August 25, 2010

1968: Colts Obtain Earl Morrall


As the Baltimore Colts prepared for the 1968 season, their 35-year-old all-time great quarterback, Johnny Unitas, was battling elbow tendinitis. Backup QB Jim Ward was inexperienced and had a bad knee. On August 25, the Colts obtained veteran QB Earl Morrall from the New York Giants for a fourth round draft pick.

The 34-year-old Morrall had played in 12 NFL seasons with four teams since coming out of Michigan State in 1956, where he had been an All-American and led the Spartans to a win in the Rose Bowl. As a result, he had been a first round draft choice of the San Francisco 49ers where he sat on the bench behind Y.A. Tittle and played poorly in limited opportunities – he threw 78 passes, six of which were intercepted. He was traded to Pittsburgh after the 49ers drafted QB John Brodie out of Stanford.

With the Steelers, Morrall got a chance to start and showed improvement, but early in the ’58 season he was sent to Detroit in the deal that reunited QB Bobby Layne with Head Coach Buddy Parker in Pittsburgh. He sat behind Tobin Rote with the Lions, and after Rote’s departure in 1960 competed with, first, Jim Ninowski and then Milt Plum for the starting job. He had his best year in 1963 as he consigned Plum to the bench and ranked fourth among the league’s passers. But Morrall suffered a shoulder injury in ’64 and, when Harry Gilmer became head coach in ’65, a firm decision was made during the preseason to stick with Plum. Morrall was traded to the Giants.

Morrall had a solid season for the 7-7 Giants in 1965, throwing for 2446 yards and 22 TDs against 12 interceptions. However, he broke his hand during a 1966 campaign that was disastrous for the Giants, and in the offseason they obtained Fran Tarkenton from Minnesota. Morrall sat on the bench in ’67 and was considering demanding a trade when the deal was made with the Colts.

There had been plenty of criticism leveled at Morrall over the years, summed up by nicknames like “Bullpen Boy” and “The Understudy”, and it was widely held that he was too inconsistent to be successful as a starting quarterback in the NFL. Baltimore Head Coach Don Shula was well aware of the criticisms, but was familiar with Morrall as a former assistant coach with the Lions and believed that his experience could prove valuable if Unitas was not fully sound. He assured a reluctant Morrall that it was possible he could see significant action.

Shula’s prediction proved all too true when Unitas suffered a devastating muscle tear in his throwing arm in the final preseason game at the Cotton Bowl against Dallas. Unitas would end up seeing only brief and ineffectual action during the season as he was forced to rest his arm, but Morrall proved to be up to the job.

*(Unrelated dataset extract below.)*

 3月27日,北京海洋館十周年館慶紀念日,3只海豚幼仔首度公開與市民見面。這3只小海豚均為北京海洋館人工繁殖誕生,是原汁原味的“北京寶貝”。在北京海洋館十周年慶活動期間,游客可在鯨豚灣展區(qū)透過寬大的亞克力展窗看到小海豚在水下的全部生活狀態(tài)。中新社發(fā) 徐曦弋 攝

The Colts went 13-1 over the course of the campaign. Morrall put together an MVP season (Associated Press, UPI, NEA) as he led the NFL in overall passing (93.2 rating), touchdown passes (26), yards per attempt (9.2), yards per completion (16.0) and touchdown percentage (8.2); he ranked second in yards (2909) and completion percentage (57.4).

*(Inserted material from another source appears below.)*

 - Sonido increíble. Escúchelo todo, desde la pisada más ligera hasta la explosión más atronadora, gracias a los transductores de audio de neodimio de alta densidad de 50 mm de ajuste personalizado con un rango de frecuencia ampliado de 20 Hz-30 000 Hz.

Morrall only once failed to throw a touchdown pass in a game, and had a high of four in a 28-7 win over the Bears, in which he also had his high for passing yardage (302). Along the way, he led the Colts to victories over all four of the teams that had given up on him during his career: 27-10 over the 49ers, 41-7 against Pittsburgh, 26-0 over the Giants, and 27-10 over Detroit.

The Colts breezed by the Vikings in the divisional round of the postseason and then shut out the Browns, 34-0, for the NFL title. However, the storybook season came to a bitter end in Super Bowl III as the upstart New York Jets stunned the Colts, 16-7. Morrall played poorly, completing just 6 of 17 passes for 71 yards with three interceptions, and failed to spot a wide-open split end Jimmy Orr in the end zone late in the first half. The disappointing showing (which was hardly Morrall’s alone) seemed to lend credence to denigrating comments that Jets QB Joe Namath made prior to the game and the criticisms that had been leveled throughout Morrall’s career.

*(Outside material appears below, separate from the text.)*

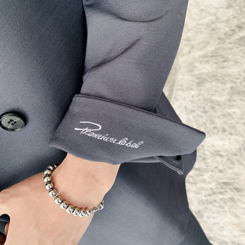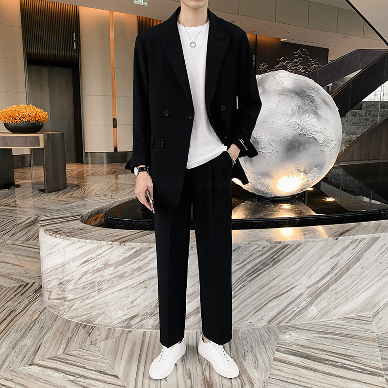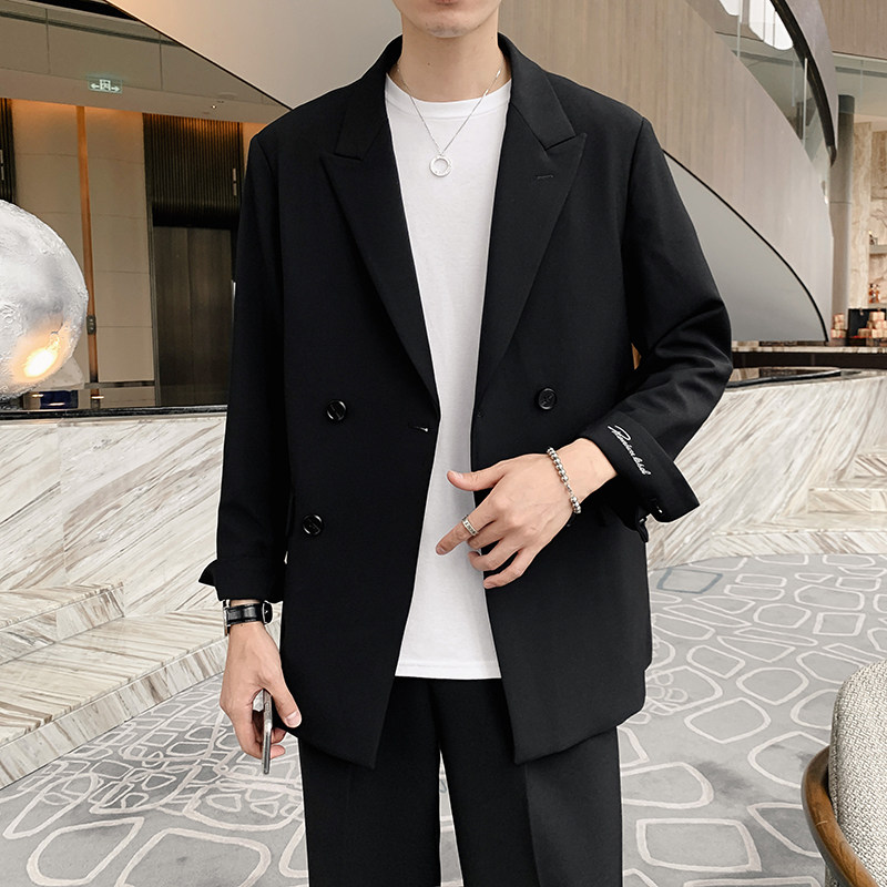 Korean version loose with long style double-row buttoned wind clothing male net red embroidered small suit jacket handsome and broadlegged pants suit tide

Earl Morrall remained with the Colts for three more seasons, splitting time with the increasingly brittle Unitas – and gaining some measure of vindication when he relieved the great quarterback in Super Bowl V following the 1970 season, a game the Colts won with a field goal in the closing seconds.

Don Shula, who by then had moved on to the Miami Dolphins, turned to Morrall as a backup prior to the 1972 season. When starting QB Bob Griese went down with a broken leg at midseason, Morrall did a solid job in leading the Dolphins the rest of the way to an undefeated record. Miami won the Super Bowl, but by then Griese was back in command.

Morrall lasted through the 1976 season, when he was 42 years old, for a total of 21 years in the NFL – a lengthy tenure for a quarterback dismissed as a career backup.